Step 3 - DP-700 Domain 2 — Fabric Lakehouse and data ingestion (30-35%)

Build and populate Microsoft Fabric Lakehouses using batch and streaming ingestion patterns. Ingest and transform data is one of the two largest domains and the one with the most hands-on technical depth.

4-5 weeks

Fabric Lakehouse architecture — Files section versus Tables section, Delta Lake format for managed tables, unmanaged files
Medallion architecture implementation — Bronze (raw ingestion), Silver (cleansed and validated), Gold (business-ready) layers in Lakehouse
Data Factory pipelines in Fabric — pipeline activities (Copy Data, Notebook, Stored Procedure, Web, Script), linked services, datasets
Copy Data activity — supported sources and destinations, schema mapping, column mapping, incremental copy patterns
Dataflows Gen2 — Power Query-based transformations, connecting to data sources, loading to Lakehouse tables or Warehouse, refresh scheduling
Fabric Notebooks for batch processing — PySpark transformations, reading from and writing to Lakehouse tables, Delta operations (merge, upsert, delete)
Delta Lake operations — MERGE INTO for upserts, time travel with VERSION AS OF and TIMESTAMP AS OF, VACUUM for log cleanup, OPTIMIZE for file compaction
Streaming ingestion — Fabric Eventstream for real-time data ingestion from Event Hubs, Kafka, and custom sources
Data validation — schema enforcement in Delta tables, constraint checking in Notebooks, data quality rules in Dataflows

Certifications

Microsoft Certified Fabric Data Engineer Associate (DP-700)

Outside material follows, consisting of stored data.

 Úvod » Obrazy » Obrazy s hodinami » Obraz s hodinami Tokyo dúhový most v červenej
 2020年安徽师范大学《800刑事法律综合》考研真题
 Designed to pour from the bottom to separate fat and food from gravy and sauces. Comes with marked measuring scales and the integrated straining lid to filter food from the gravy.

💡 Medallion architecture is central to DP-700. The exam presents data engineering scenarios and asks candidates to design or identify the correct medallion layer for described data characteristics. Bronze is raw, unmodified source data. Silver applies cleansing, validation, and standardization. Gold is aggregated and business-optimized for reporting.

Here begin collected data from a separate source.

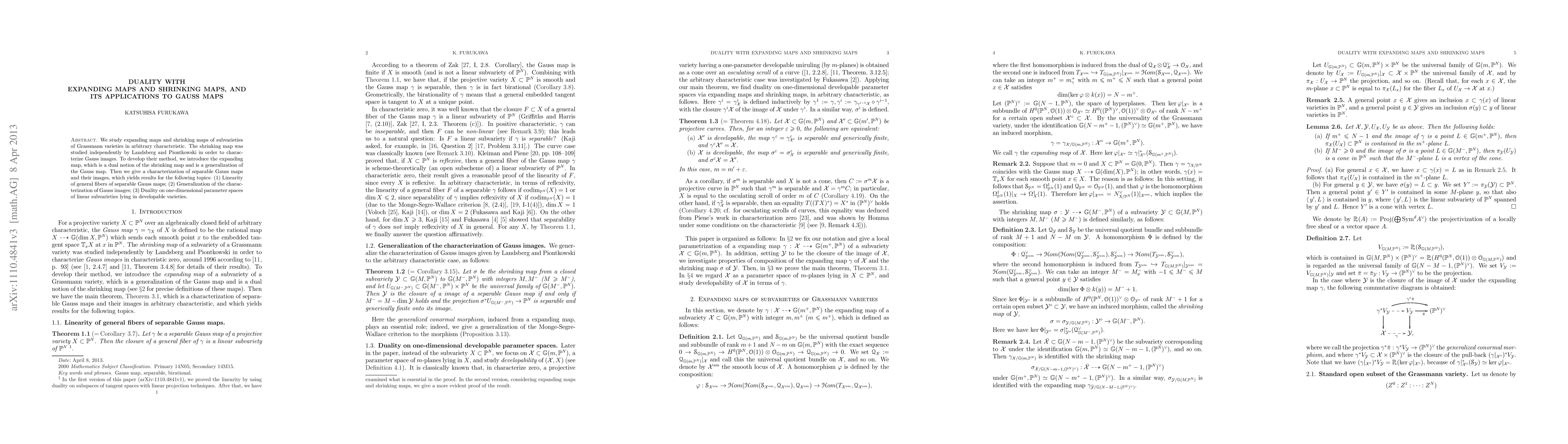 We study expanding maps and shrinking maps of subvarieties of Grassmann varieties in arbitrary characteristic. The shrinking map was studied independently by Landsberg and Piontkowski in order to characterize Gauss images. To develop their method, we introduce the expanding map, which is a dual notion of the shrinking map and is a generalization of the Gauss map. Then we give a characterization of separable Gauss maps and their images, which yields results for the following topics: (1) Linearity of general fibers of separable Gauss maps; (2) Generalization of the characterization of Gauss images; (3) Duality on one-dimensional parameter spaces of linear subvarieties lying in developable varieties.
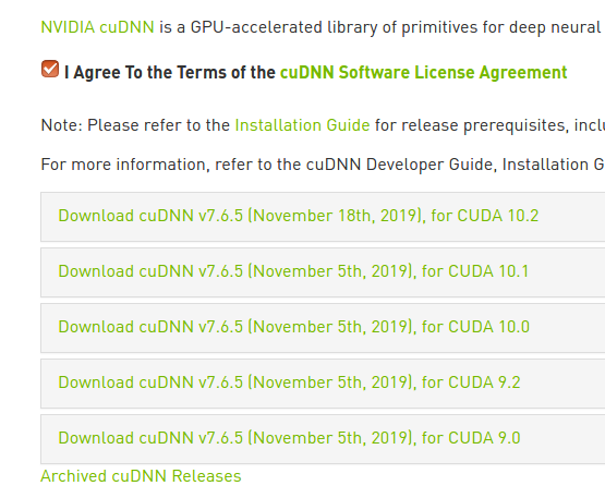对应cuda版本下载cuDNN:https://developer.nvidia.com/rdp/cudnn-download
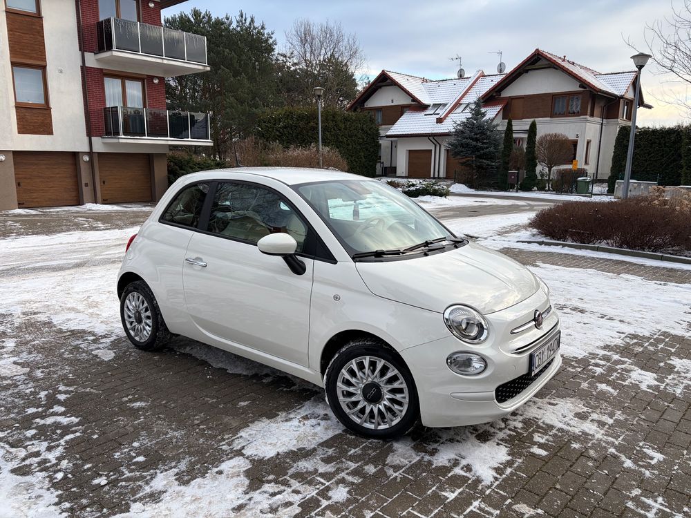 999 cm3 • 70 KM • FIAT 500 (2021) hybryda z pięknym beżowym wnętrzem
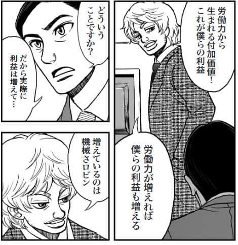 「労働者は、自分が生産する価値よりも安い賃金で働くことによって、資本に剰余価値(=利益)をもたらします。資本は労働者から利益を得て、その一部を銀行などの債権者に利子の形で支払い、残りが資本家のものになります。そして、うまくいっているビジネスでは資本家の取り分が大きくなるのです。
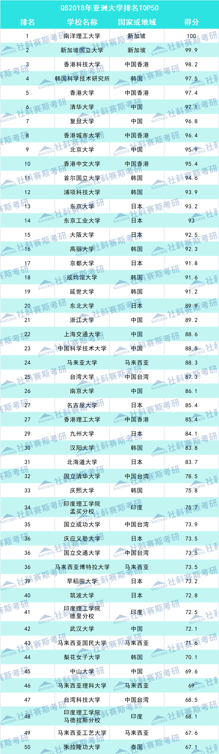 QS發(fā)布的2018亞洲大學(xué)排名中,中國、日本、韓國、新加坡高校表現(xiàn)強(qiáng)勢,其中更是有三所中國高校進(jìn)入亞洲TOP10。

💡 Delta Lake MERGE INTO is the primary pattern for implementing incremental loads — inserting new records and updating existing ones in a single operation. Know the WHEN MATCHED, WHEN NOT MATCHED, and WHEN NOT MATCHED BY SOURCE clauses and when each is used.

💡 Dataflows Gen2 uses Power Query under the hood. The exam tests when Dataflows Gen2 is appropriate (non-technical users, Power Query familiarity, moderate data volumes) versus when Notebooks with PySpark are more appropriate (complex transformations, large data volumes, custom logic).

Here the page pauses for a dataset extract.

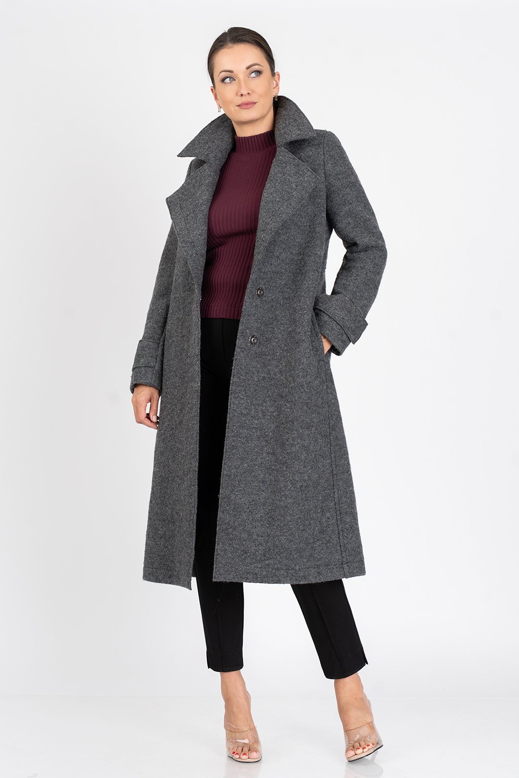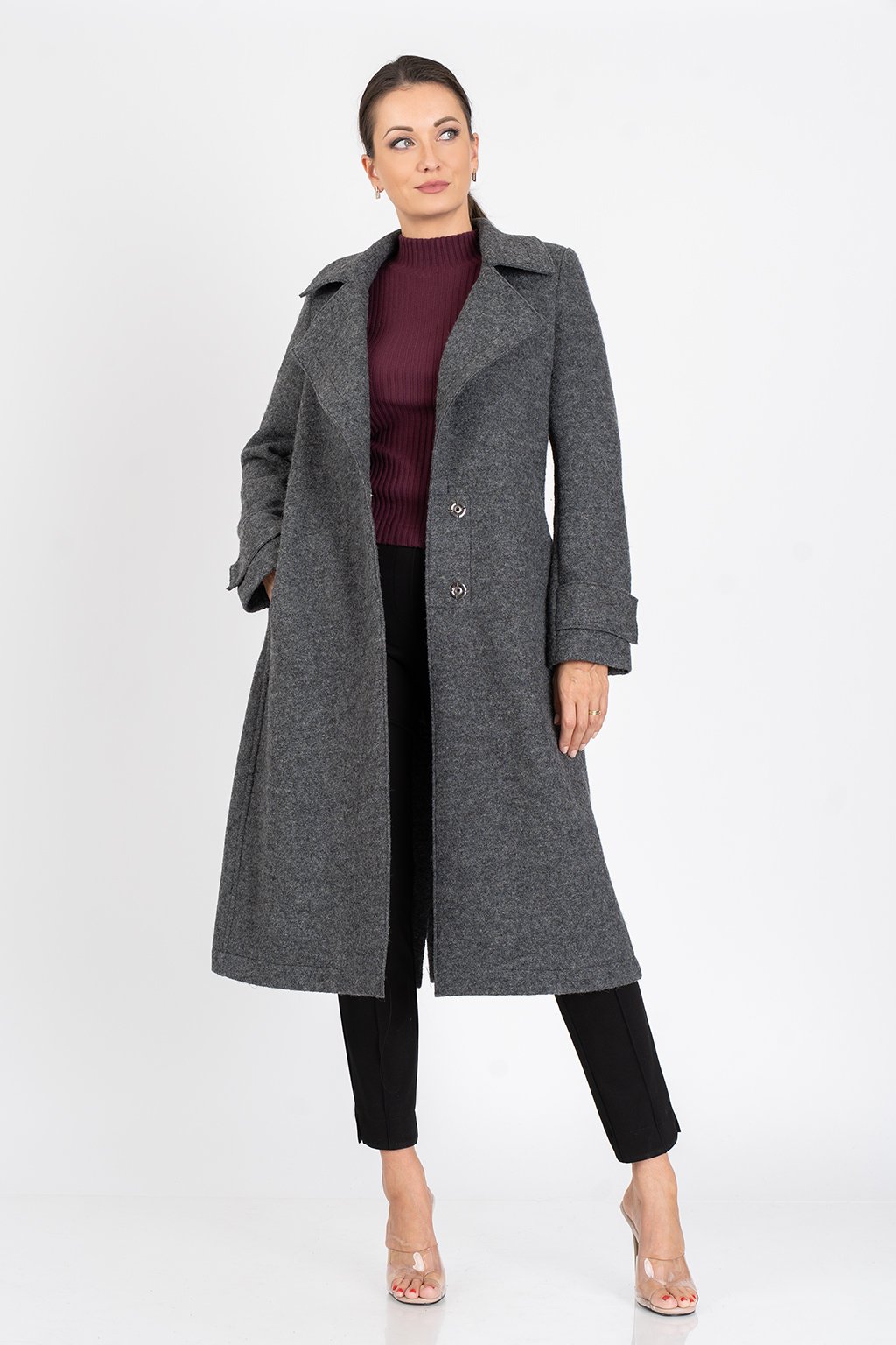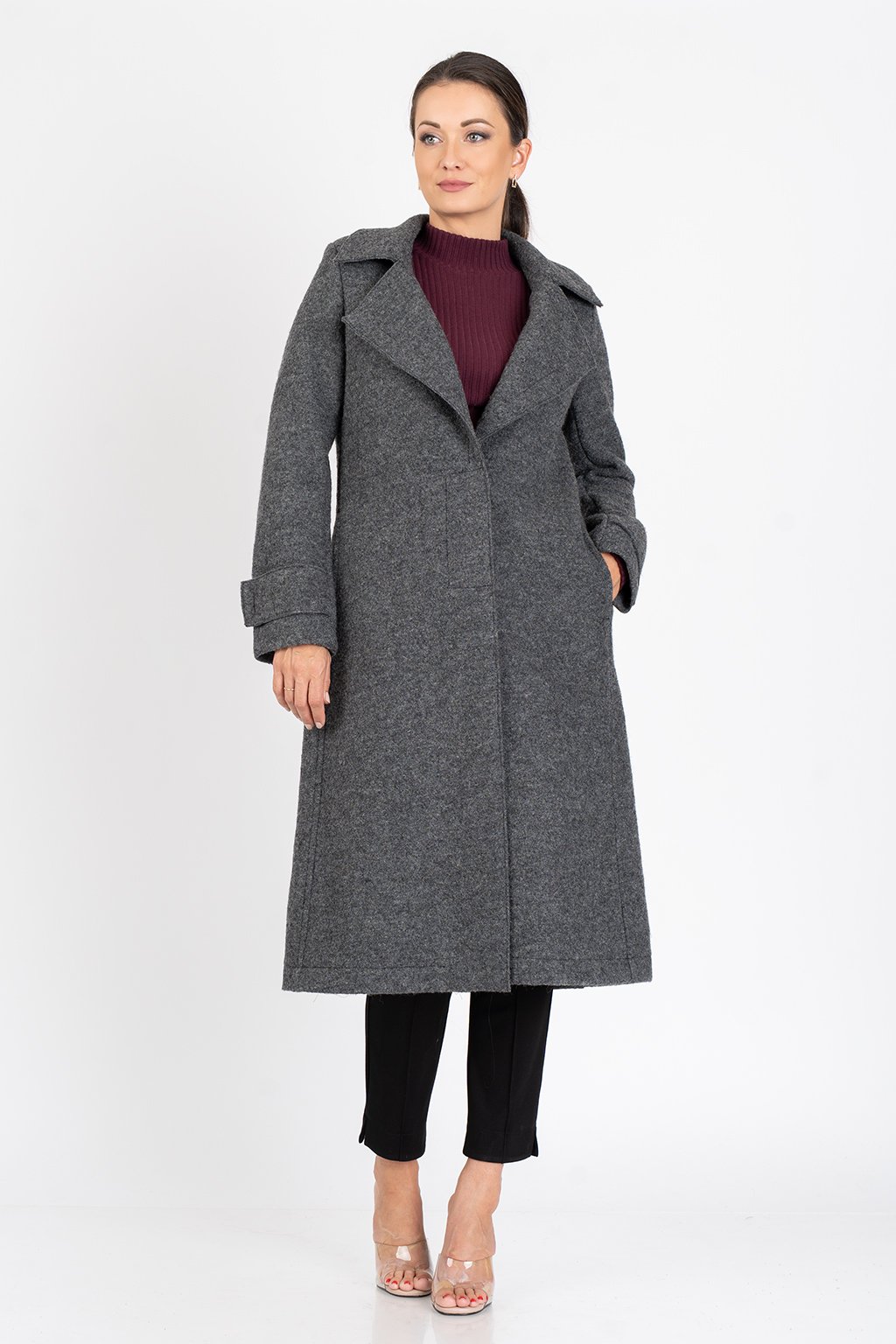 Komfortní  kabát z hřejivé vařené vlny s podšívkou.

💡 Delta time travel is tested in data recovery and audit scenarios. Know that `VERSION AS OF` and `TIMESTAMP AS OF` allow querying historical table states, and that VACUUM removes old Delta log files (defaulting to retaining 7 days of history).

💡 Use ExamOS for data ingestion scenario practice that tests choosing between pipeline activities, Dataflows Gen2, and Notebooks for described data characteristics and transformation requirements.

Step 4 - DP-700 Domain 2 — Fabric Warehouse and SQL analytics (30-35%)

Build and query Fabric Warehouses using T-SQL for structured analytical workloads where a relational model is more appropriate than Lakehouse.

3-4 weeks

Fabric Warehouse architecture — Synapse-based compute, columnar storage in OneLake, T-SQL endpoint
Fabric Warehouse versus Lakehouse — when to use each, what determines the choice in DP-700 scenarios
T-SQL in Fabric Warehouse — DDL (CREATE TABLE, CREATE VIEW), DML (INSERT, UPDATE, DELETE, MERGE), stored procedures
Loading data into Warehouse — COPY INTO from external files, pipeline integration, cross-warehouse queries
Warehouse table design — distribution considerations, when clustered columnstore indexes help, partitioning
SQL analytics endpoint — read-only SQL access to Lakehouse Delta tables, creating views and stored procedures against Lakehouse data
Cross-workspace queries — querying tables in multiple Lakehouses and Warehouses from a single SQL endpoint
Lakehouse versus Warehouse for Power BI — connecting Power BI to both, DirectLake mode for Lakehouse

Certifications

Microsoft Certified Fabric Data Engineer Associate (DP-700)

💡 Fabric Warehouse versus Fabric Lakehouse is the design decision that appears most frequently across DP-700 scenarios. Warehouse is appropriate when T-SQL is the primary development language, when strict schema enforcement is required, and when the team has a relational database background. Lakehouse is appropriate when Spark/Python is the primary tool, when schema-on-read flexibility is needed, and when the data is primarily semi-structured or unstructured.

💡 The SQL analytics endpoint is specifically tested. It provides read-only T-SQL access to Lakehouse Delta tables without moving data. A data analyst who only knows SQL can query Lakehouse data through the SQL analytics endpoint without needing Spark access.

💡 DirectLake mode for Power BI is a key differentiator from traditional Import and DirectQuery modes. DirectLake reads Delta Parquet files from OneLake directly, providing import-speed performance without the data duplication of import mode.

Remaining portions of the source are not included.